Такая же ситуация, но решение в пару мин., выдёргиваем сетевой кабель, заходим в безопасный режим, сканируем AVP Tools, проблема решилась)

----------


## light59

> Такая же ситуация, но решение в пару мин., выдёргиваем сетевой кабель, заходим в безопасный режим, сканируем AVP Tools, проблема решилась)


В безопасном тоже бывает блокировка... Достаточно заглянуть в раздел "Помогите".

----------


## Rampant

> выдёргиваем сетевой кабель


Это решило проблему блокировки, и я рассказал частный случай.

----------


## Rene-gad

> но иногда и это может не сработать.


Как Вас понимать? При каких обстоятельствах установленная в чистый раздел система содержит бэкдоры и руткиты?
ПС: Случай с препарированным установчнум диском не рассматриваем.

----------


## podjig

Вчера на одной сашине выплыла такая дрянь.ю сегодня ещё на двух... А потом перестало это окошко проявляться.
Вчера ползал по форумам, и по цепочке событий от разных пострадавших похоже на очередную версию Net-Worm.Win32.Kido
Сильно уж симптомы совпадают.

----------


## Torvic99

> Как Вас понимать? При каких обстоятельствах установленная в чистый раздел система содержит бэкдоры и руткиты?
> ПС: Случай с препарированным установчнум диском не рассматриваем.

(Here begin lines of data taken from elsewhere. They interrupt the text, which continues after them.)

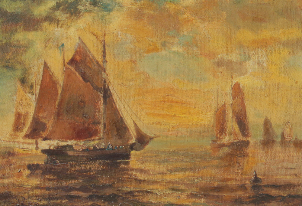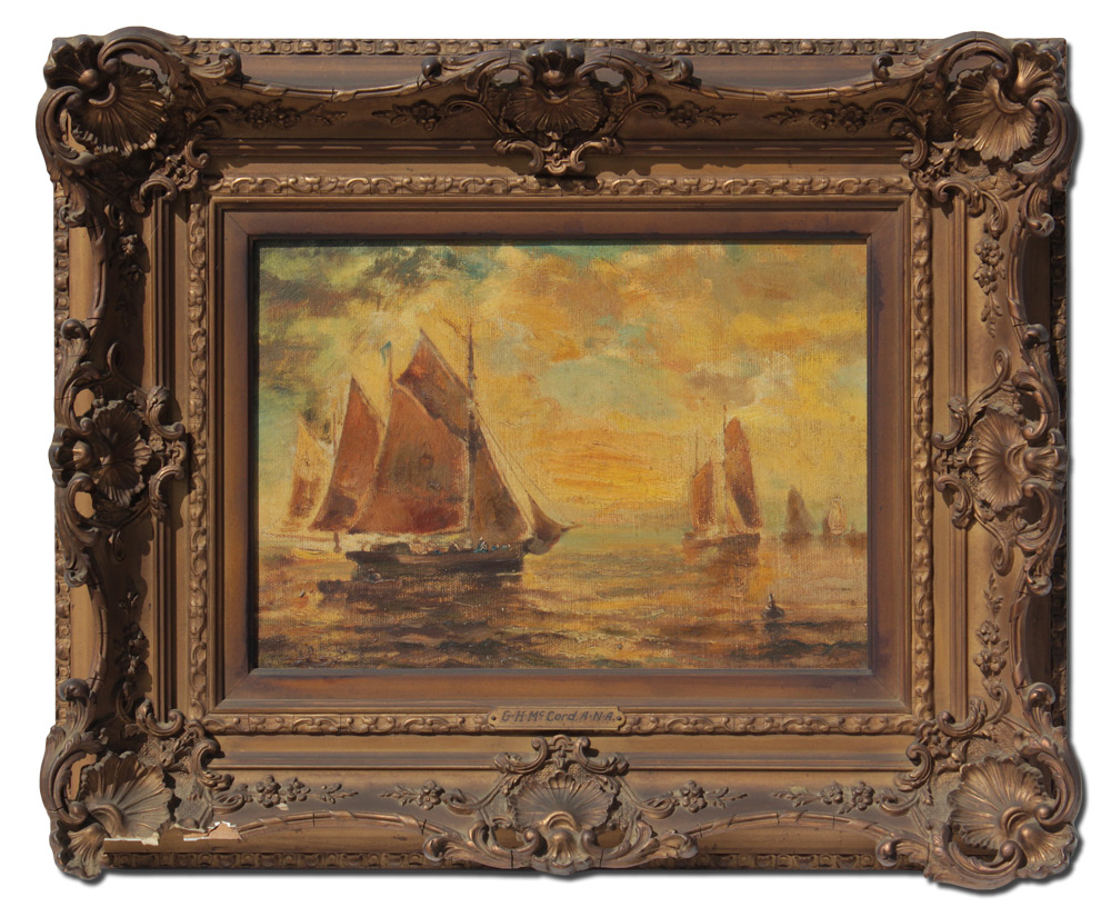 McCORD, George Herbert, (American, 1848-1909): Harbor Scene, Oil/Canvas, 10'' x 14'', signed lower left, encased in period pierce carved and gilded gesso frame 18 1/4'' x 22 1/4''.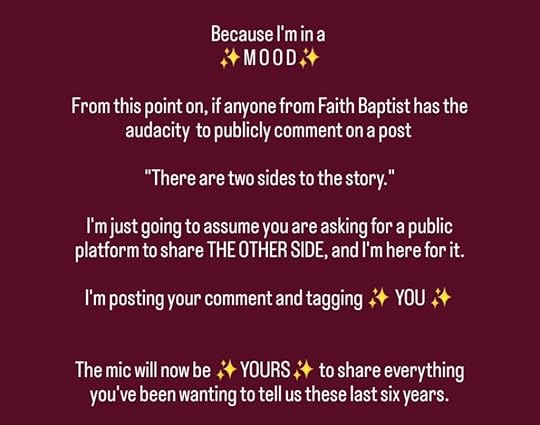 One complete viewing of Let Us Prey is enough to realize that the women featured DID mention their abuse and reported it to their religious leaders (consistent with the beliefs of the IFB) and police. As for the “two sides to every story,” That argument has been faced head-on. April Avila, a victim of her youth pastor’s predations, perfectly expressed her frustration in a Facebook post.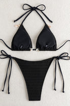 Textured Shell Decor Padded Halter-Neck Triangle Lace-up Bikini Set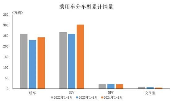 2024年1-3月,在乘用車主要品種中,與上年同期相比,運(yùn)動型多用途乘用車(SUV)產(chǎn)銷呈兩位數(shù)增長,基本型乘用車(轎車)產(chǎn)銷小幅增長,多功能乘用車(MPV)和交叉型乘用車產(chǎn)銷呈不同程度下降。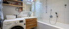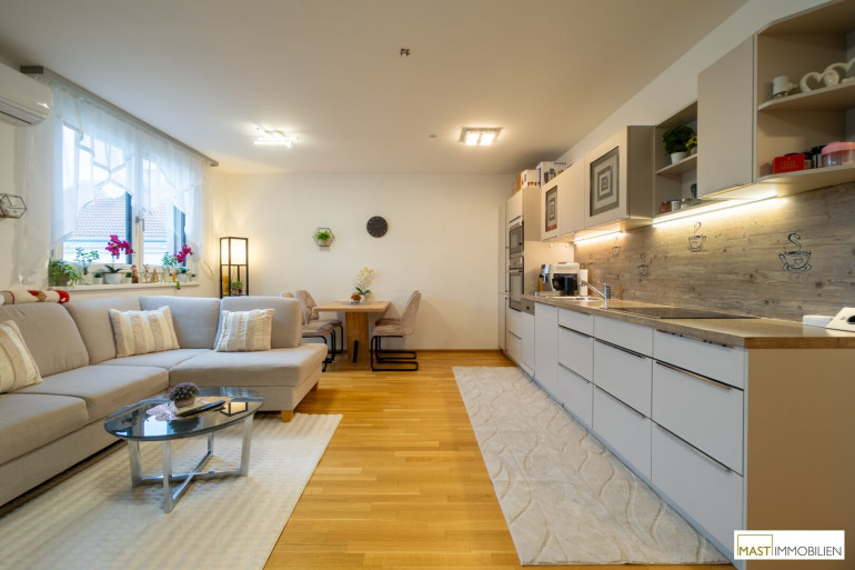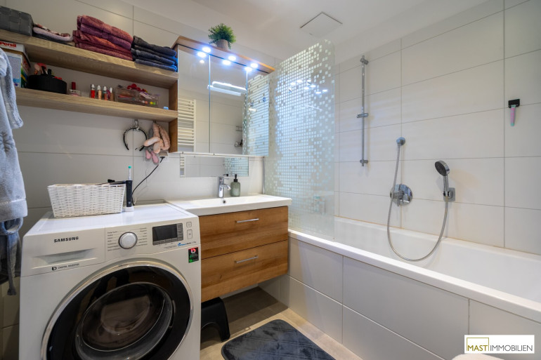 Die moderne Einbauküche inklusive aller Geräte ist funktional wie stilvoll gestaltet und fügt sich harmonisch in den Wohnraum ein. Das Badezimmer ist mit einer Badewanne ausgestattet, zusätzlich steht ein separates WC mit Waschbecken zur Verfügung – ein echtes Plus im Alltag.

 Ну я имел в виду что их можно нахватать сразу же после установки, особенно если заражение было файловым вирусом и винт разбит на несколько разделов, а драйвера лежат например на диске "D".

----------


## Rene-gad

> Ну я имел в виду что их можно нахватать сразу же после установки


ага, значит все таки *после установки*  :Cheesy:

----------


## Rampant

2Rene-gad, ну бутовым руткитом, в лёгкую)

----------


## Rene-gad

> ну бутовым руткитом, в лёгкую)


Да конечно, в принципе можно и на грабли 3 раза подряд наступить (см. фильм Невезучие с Пьером Ришаром  :Wink:  )

----------


## romar99

> История: Пару дней назад Windows неожиданно заблокировался и появившееся окно закрывало весь экран и требовало отослать СМС.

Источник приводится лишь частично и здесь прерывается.